- [THE PROBLEM] Pictures are not part of the copy; reproduce the remaining data exactly.

━━ EXERCISE DATA ━━

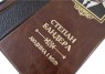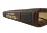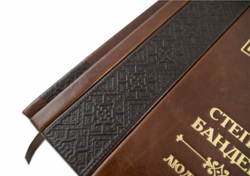 Французька складова оправа ручної роботи виготовлена з комбінації натуральної шкіри (шкіра Gabinetto Brown, шкіра Robbat Cognac, виробництва італійської шкіряної фабрики Carisma). Обкладинка книги дворівнева, вкрита вставкою з полотна, багаторівневим тисненням: глибоким блінтовим та рельєфним золотим, з використанням фольги «Luxor 240». Обріз блоку вручну полірований та позолочений сусальним золотом.
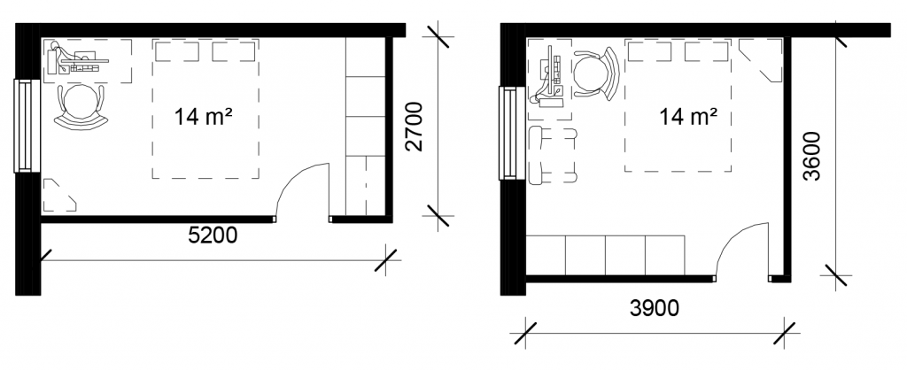 Minkälaisia asuinhuoneiden pitää siis olla, jotta ne olisivat monikäyttöisiä ja sopeutuisivat asumisen muutoksiin? Makuuhuonetta suunnittelevalla arkkitehdilla on käytössä neljä työkalua: huoneen pinta-ala, pituuden ja leveyden suhde sekä kulkuaukkojen ja ikkunoiden ja kiintokalusteiden sijanti.
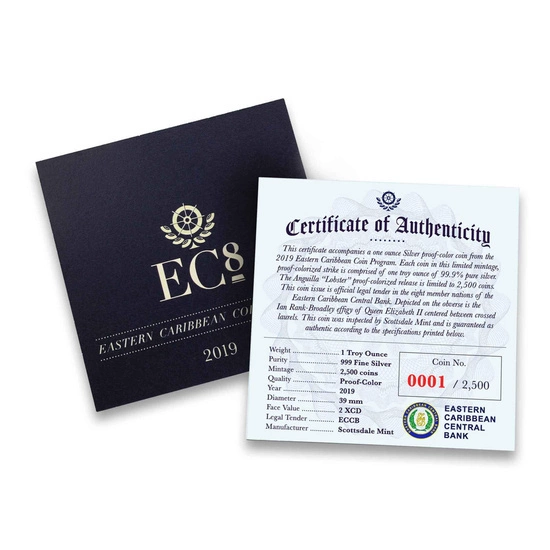 Walor został wybity z czystego kruszcu próby Ag.999, o wadze jednej uncji trojańskiej i średnicy wynoszącej 39mm, w standardzie proof. Srebrna moneta została wyprodukowana przez mennicę Scottsdale Mint, w niskim nakładzie liczącym jedynie 2500 sztuk. Produkt jest prawnym środkiem płatniczym na terytoriach Anguilli i Grenady oraz posiada gwarancję Centralnego Banku Wschodnich Karaibów. Walor został umiejscowiony w oryginalnym opakowaniu wraz z numerowanym certyfikatem autentyczności.
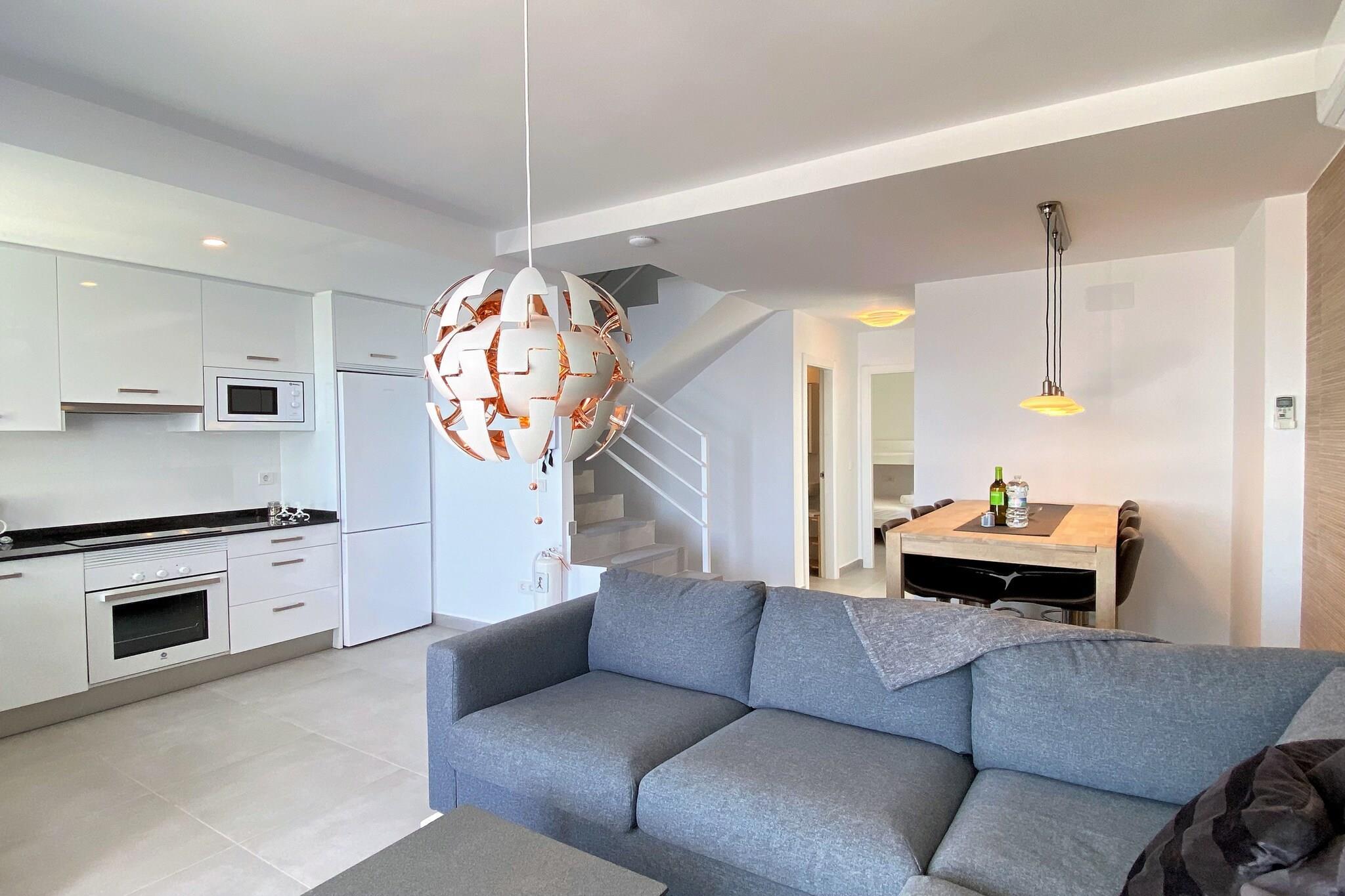 Denne stilfulde ferielejlighed i et roligt boligkompleks har tre soveværelser og tre badeværelser, der komfortabelt rummer op til seks gæster. Den har en dobbeltseng og to køjesenge, hvilket er ideelt for både familier og grupper. Lejligheden tilbyder tre private terrasser med sol hele dagen, en fantastisk udsigt over havet og bjergene samt en fælles saltvandspool, der er tilgængelig året rundt. En sofa i opholdsstuen giver ekstra komfort, mens aircondition sikrer et behageligt ophold. Ejendommen er ikke kæledyrsvenlig, men der er mulighed for at leje børnesenge og højstole. Lejligheden ligger mellem Nerja og Torrox langs Málagas østkyst, kun 1,2 km fra El Playazo-stranden og 1 km fra Playa Güilche, med andre populære steder som El Peñoncillo og Torrecilla-stranden inden for en kort køretur. Gæsterne har nem adgang til lokale restauranter, strandbarer og familievenlige attraktioner. For dem uden bil tilbyder et busstoppested langs N340-vejen - kun 1 km væk - direkte ruter til bymidter, strande og markeder. Taxaer er også let tilgængelige og tilbyder overkommelig transport i hele regionen. Indenfor er det åbne køkken fuldt udstyret med keramisk kogeplade, ovn, mikrobølgeovn, køleskab, fryser og opvaskemaskine, samt alt nødvendigt køkkengrej og små apparater som brødrister og kaffemaskine. Gæsterne finder også tre moderne badeværelser med brusere, vaskemaskine, hårtørrer og strygejern.
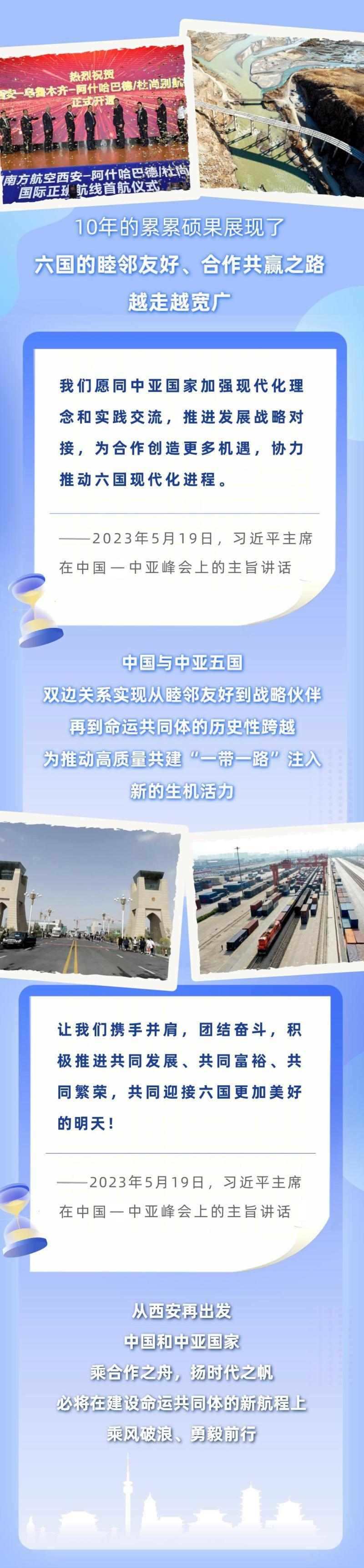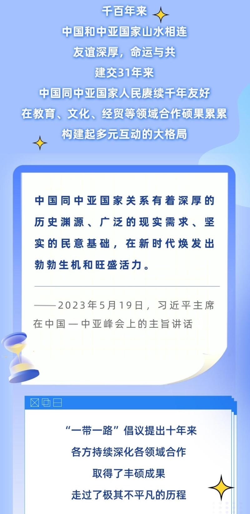 從去年1月的建交30周年視頻峰會,到今年這次中國—中亞峰會,習近平主席同中亞五國元首連續(xù)兩年集體會晤,并正式成立中國—中亞元首會晤機制,為中國—中亞關系發(fā)展作出戰(zhàn)略領航。下面,讓我們一起通過習近平主席的重要講話,回顧中國與中亞國家源遠流長的友誼、極其不凡的合作歷程,讀懂中國—中亞峰會的重要意義。

━━━

- [COMPLETED TASK]
 Французька складова оправа ручної роботи виготовлена з комбінації натуральної шкіри (шкіра Gabinetto Brown, шкіра Robbat Cognac, виробництва італійської шкіряної фабрики Carisma). Обкладинка книги дворівнева, вкрита вставкою з полотна, багаторівневим тисненням: глибоким блінтовим та рельєфним золотим, з використанням фольги «Luxor 240». Обріз блоку вручну полірований та позолочений сусальним золотом.
 Minkälaisia asuinhuoneiden pitää siis olla, jotta ne olisivat monikäyttöisiä ja sopeutuisivat asumisen muutoksiin? Makuuhuonetta suunnittelevalla arkkitehdilla on käytössä neljä työkalua: huoneen pinta-ala, pituuden ja leveyden suhde sekä kulkuaukkojen ja ikkunoiden ja kiintokalusteiden sijanti.
 Walor został wybity z czystego kruszcu próby Ag.999, o wadze jednej uncji trojańskiej i średnicy wynoszącej 39mm, w standardzie proof. Srebrna moneta została wyprodukowana przez mennicę Scottsdale Mint, w niskim nakładzie liczącym jedynie 2500 sztuk. Produkt jest prawnym środkiem płatniczym na terytoriach Anguilli i Grenady oraz posiada gwarancję Centralnego Banku Wschodnich Karaibów. Walor został umiejscowiony w oryginalnym opakowaniu wraz z numerowanym certyfikatem autentyczności.
 Denne stilfulde ferielejlighed i et roligt boligkompleks har tre soveværelser og tre badeværelser, der komfortabelt rummer op til seks gæster. Den har en dobbeltseng og to køjesenge, hvilket er ideelt for både familier og grupper. Lejligheden tilbyder tre private terrasser med sol hele dagen, en fantastisk udsigt over havet og bjergene samt en fælles saltvandspool, der er tilgængelig året rundt. En sofa i opholdsstuen giver ekstra komfort, mens aircondition sikrer et behageligt ophold. Ejendommen er ikke kæledyrsvenlig, men der er mulighed for at leje børnesenge og højstole. Lejligheden ligger mellem Nerja og Torrox langs Málagas østkyst, kun 1,2 km fra El Playazo-stranden og 1 km fra Playa Güilche, med andre populære steder som El Peñoncillo og Torrecilla-stranden inden for en kort køretur. Gæsterne har nem adgang til lokale restauranter, strandbarer og familievenlige attraktioner. For dem uden bil tilbyder et busstoppested langs N340-vejen - kun 1 km væk - direkte ruter til bymidter, strande og markeder. Taxaer er også let tilgængelige og tilbyder overkommelig transport i hele regionen. Indenfor er det åbne køkken fuldt udstyret med keramisk kogeplade, ovn, mikrobølgeovn, køleskab, fryser og opvaskemaskine, samt alt nødvendigt køkkengrej og små apparater som brødrister og kaffemaskine. Gæsterne finder også tre moderne badeværelser med brusere, vaskemaskine, hårtørrer og strygejern.
 從去年1月的建交30周年視頻峰會,到今年這次中國—中亞峰會,習近平主席同中亞五國元首連續(xù)兩年集體會晤,并正式成立中國—中亞元首會晤機制,為中國—中亞關系發(fā)展作出戰(zhàn)略領航。下面,讓我們一起通過習近平主席的重要講話,回顧中國與中亞國家源遠流長的友誼、極其不凡的合作歷程,讀懂中國—中亞峰會的重要意義。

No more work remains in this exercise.